At the time of filing “In the Margins”, Jet Airways was in a tailspin and heading for bankruptcy. That may have already happened by the time you read this. What concerns me here, however, is all the hand-wringing by politicians, the business press, commentators and the public that has accompanied the slow demise of what until recently was India’s premier private airline.
Regulators and analysts alike appear to view the imminent demise of Jet Airways as nothing short of a national catastrophe. Therein lies a clue to the immaturity of India’s brand of capitalism at present. It is true that the 1991 liberalization and its aftermath swept away the worst excesses of the licence-permit-quota raj, but the private sector capitalism that has thrived since then has been, by and large, rather heavily regulated and forced to live side by side with a still large public sector, in some cases competing with it directly.
It is perhaps because of the symbiotic, nascent and not fully mature brand of capitalism that India has nurtured, that no one—regulator, promoter or commentator—is willing to say, “Okay, Jet is in trouble. If it cannot repair itself, let it go bankrupt and have done with it.”
It is salutary to remind ourselves that the essence of capitalism is not only the creation of new firms, but the destruction of old firms—indeed, a life cycle of firm birth, maturation, decay and death. The great Austro-American economist Joseph Schumpeter famously termed this a process of “creative destruction”. Just as in the plant and animal kingdom death is a precondition for new life, old, moribund, value-subtracting firms must be allowed to die gracefully, rather than be perpetually kept alive through unwarranted regulatory forbearance or the injection of public funds that ought to be used better.
The new Insolvency and Bankruptcy Code (IBC) was intended to abet this process of creative destruction, but, alas, it has been all but gutted by recent developments and can be called yet another well-intentioned but failed reform of the present government. With a non-functioning IBC, promoters will continue to keep their firms alive as zombies as long as possible, sucking as much capital out as they can before they eventually collapse, often with plans to buy them back at pennies on the dollar.
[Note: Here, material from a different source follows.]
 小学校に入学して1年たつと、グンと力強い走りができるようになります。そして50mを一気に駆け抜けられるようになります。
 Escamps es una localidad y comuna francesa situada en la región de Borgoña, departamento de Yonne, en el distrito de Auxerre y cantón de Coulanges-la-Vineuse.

This is not a template for running a successful capitalist economy.
Let us also remind ourselves that what jump-started the deregulation and liberalization of the US economy and powered a quarter-century of growth was the deregulation of the airline industry as early as 1978, resulting in the eventual dismantling of the Civil Aeronautics Board in 1985. The airline industry in the US took off, competition burgeoned, and consumers gained from lower ticket prices, more routes and better service. While consumers and new entrants (both new consumers, who could now afford to fly, and new airlines entering the deregulated space) to the market gained, entrenched airlines that had been protected by the old regulated system didn’t fare as well. The most visible casualty was Pan American World Airways, or Pan Am, which collapsed in 1991, having been the leading American airline for much of the century.
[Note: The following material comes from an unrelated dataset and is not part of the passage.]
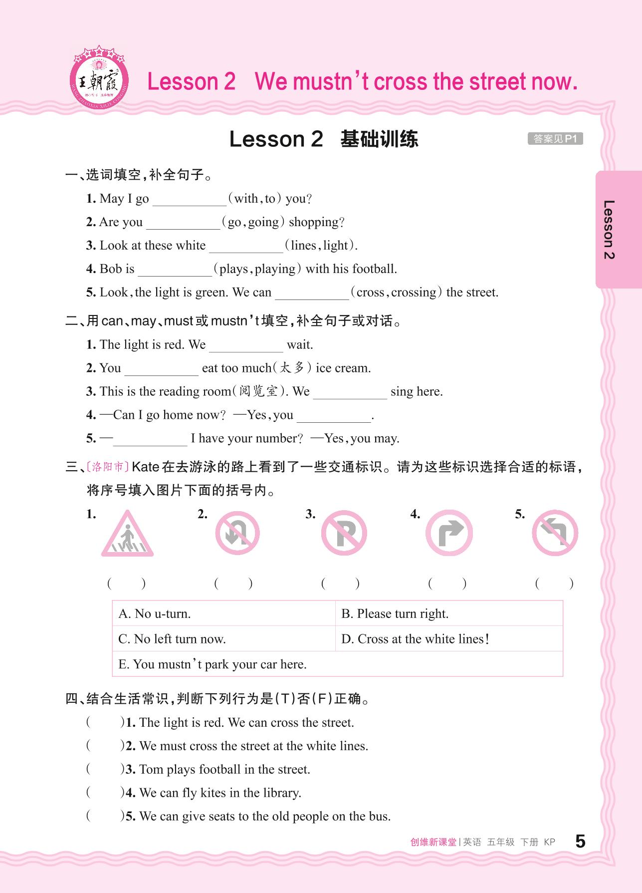 2024春下册五年级英语科普版 Lesson 2 We mustn't cross the street now.基础训练

The story of Jet Airways is a little different, being the first and most important new airline to be created after airline deregulation in India. The other difference is that Jet and other private carriers co-exist with Air India, a faltering public sector airline kept alive only through a steady flow of public monies. But the lessons of the US (and also European) experience remain no less valid. The travails of Jet Airways do not reflect some fundamental structural difficulty with the private airline sector in India that needs the heavy hand of government to come in and fix it. Rather, these reflect poor management decisions mixed with some bad luck (in the form of, for instance, fluctuating oil prices), along with intensified competition from new carriers nipping at Jet Airways’ heels. None of these are good enough reasons to warrant government intervention to save the airline. Indeed, intensified competition, abetting the process of creative destruction, is something to be celebrated.
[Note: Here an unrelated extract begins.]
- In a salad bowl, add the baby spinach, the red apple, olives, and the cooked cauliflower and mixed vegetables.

Alas, with an election unfolding, it will be rather tempting for the government to intervene to prevent the bankruptcy of Jet Airways, lest it be called yet another failure on its watch. Yet, if Jet Airways were to fold, this would reflect the failure neither of the current government nor of previous governments, which deregulated the sector. It would be the ebb and flow of creative destruction, an entirely normal—indeed necessary—process for private sector capitalism to function well.
If the government were wise, it would allow market forces to take their course and let Jet Airways sink or swim as the tides of those forces determine. That would be an early and promising sign of the maturing of Indian capitalism. However, if the government does intervene at the eleventh hour to keep Jet Airways afloat, it will be further confirmation that capitalism in India remains at a woefully immature stage of development.
Very likely, the ultimate fate of the airline, and indeed of other firms that will get into trouble across many different sectors, will fall on the next government. Let us hope that they have read not only their Adam Smith and Karl Marx, but also their Joseph Schumpeter.